Facebook: 200 “innocentisti” per “Don Lu”

Don Luciano Massaferro

Ci sono i dubbi sulla correttezza dello svolgimento delle indagini, la rabbia contro i giornali che “sbattono in prima pagina la foto di un uomo prima che venga accertata la sua colpevolezza”, e la certezza che si tratti di un incubo che prima o poi finirà “perchè Don Luciano non ha mai fatto nulla di male”: sono questi i sentimenti che popolano i cuori del gruppo “innocentista” di Facebook che, nato appena tre giorni fa, conta circa 200 iscritti.

Tutti desolati, indignati, sgomenti, ma accomunati dalla certezza che il parroco alassino, accusato di violenza sessuale nei confronti di una bimba di 11 anni, sia vittima di un clamoroso errore giudiziario.

E così Carlo Annibale battezza il gruppo “nato in via esclusiva per raggruppare tutti quelli che credono nell’innocenza di Don Luciano, per testimoniare quante persone credono in lui e che vogliono pregare per il Don”. A lui si affianca, tra gli altri Rosanna che non ha dubbi “ma solo la certezza della tua estraneità ai fatti”.

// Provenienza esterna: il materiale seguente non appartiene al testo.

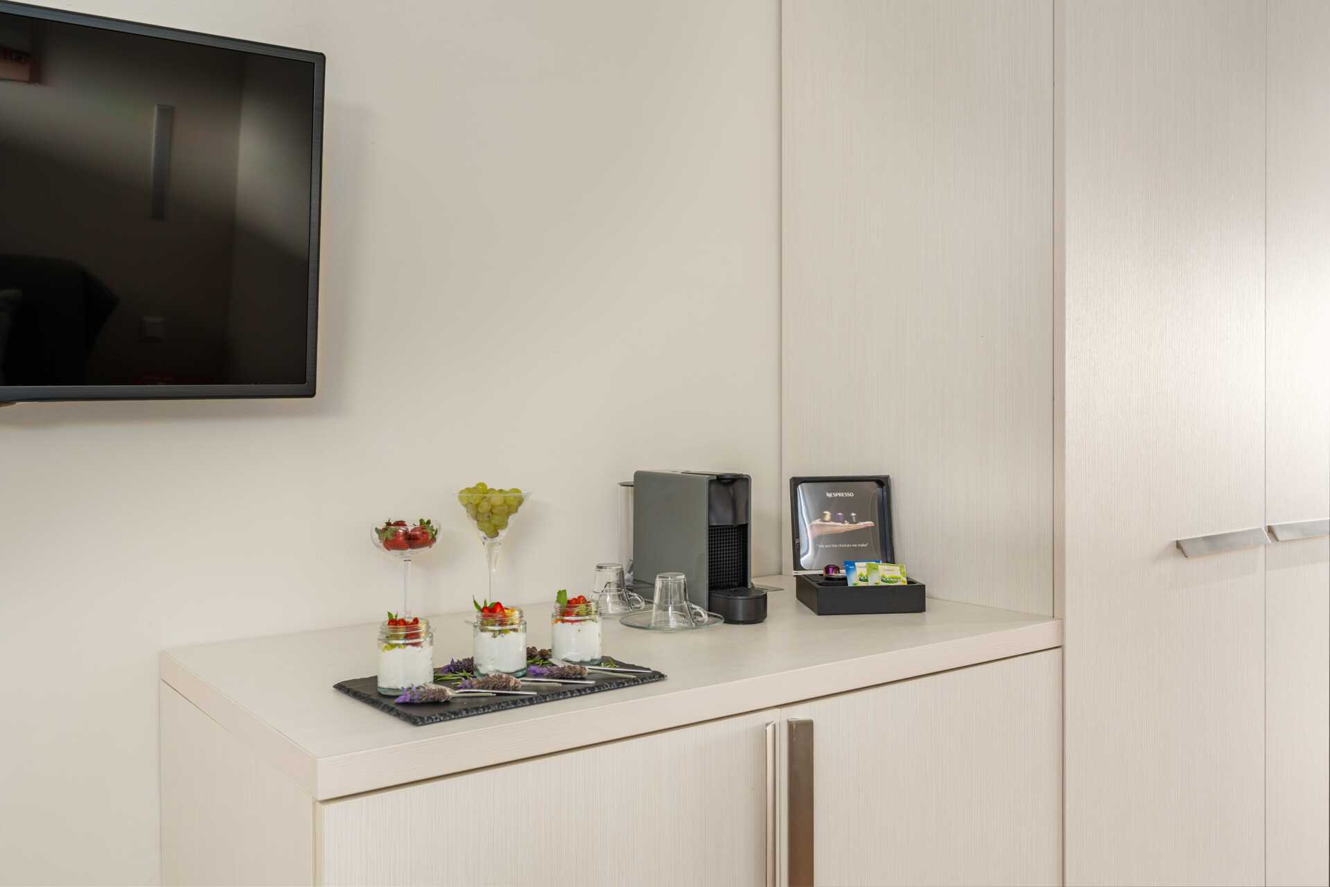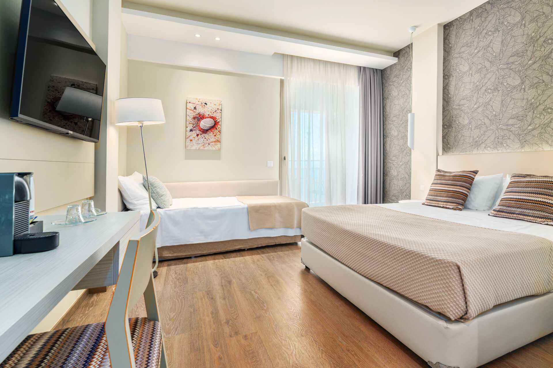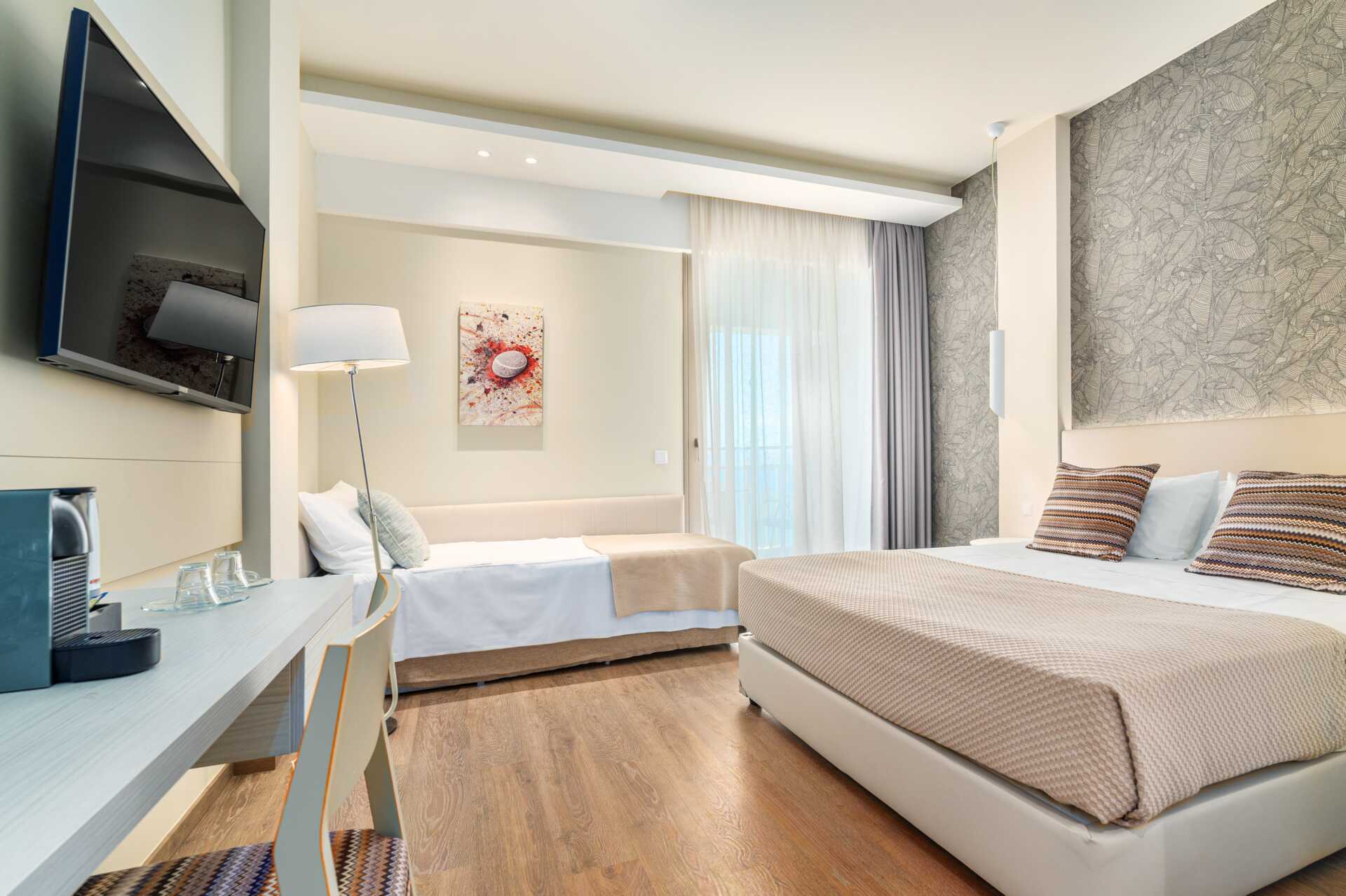 Superiorrom med balkong og havutsikt. En dobbeltseng eller to enkeltsenger. Mulig med ekstraseng i sovesofa. Putemeny. Wifi, luftkondisjonering og safe inkludert. Kjøleskap. Minibar som fylles ved ankomst, påfyll mot avgift. Vannkoker samt kaffe og te. Nespresso kaffemaskin, kapsler inkludert ved ankomst, etterfylles mot avgift. TV. Badekåper og tøfler. Hårføner. Dusj og wc. Rengjøring 7 ggr/uke.

Come è potuto accadere?, si chiedono in molti. E poi c’è chi più concretamente critica il modo in cui sono state condotte le indagini, come Marco secondo cui “non ci sono altri indizi che un racconto, ritenuto vero da una “psicologa” che ha visto la bambina una sola volta ed è corsa alla Polizia”; o come un altro Marco che scrive: “Nel nostro bel paese, prima ti arrestano e dopo col tempo, molto tempo, ti danno la possibilità di difenderti, vieni sbattuto in prima pagina”.

E poi Corrado che definisce la vicenda “un grande errore, ingigantito dal clamore mediatico che l’ha seguito e dall’applicazione di misura cautelare, che, francamente, lascia alquanto perplessi e che personalmente non condivido, richiamando alla mia memoria il triste metodo del periodo di “tangentopoli”.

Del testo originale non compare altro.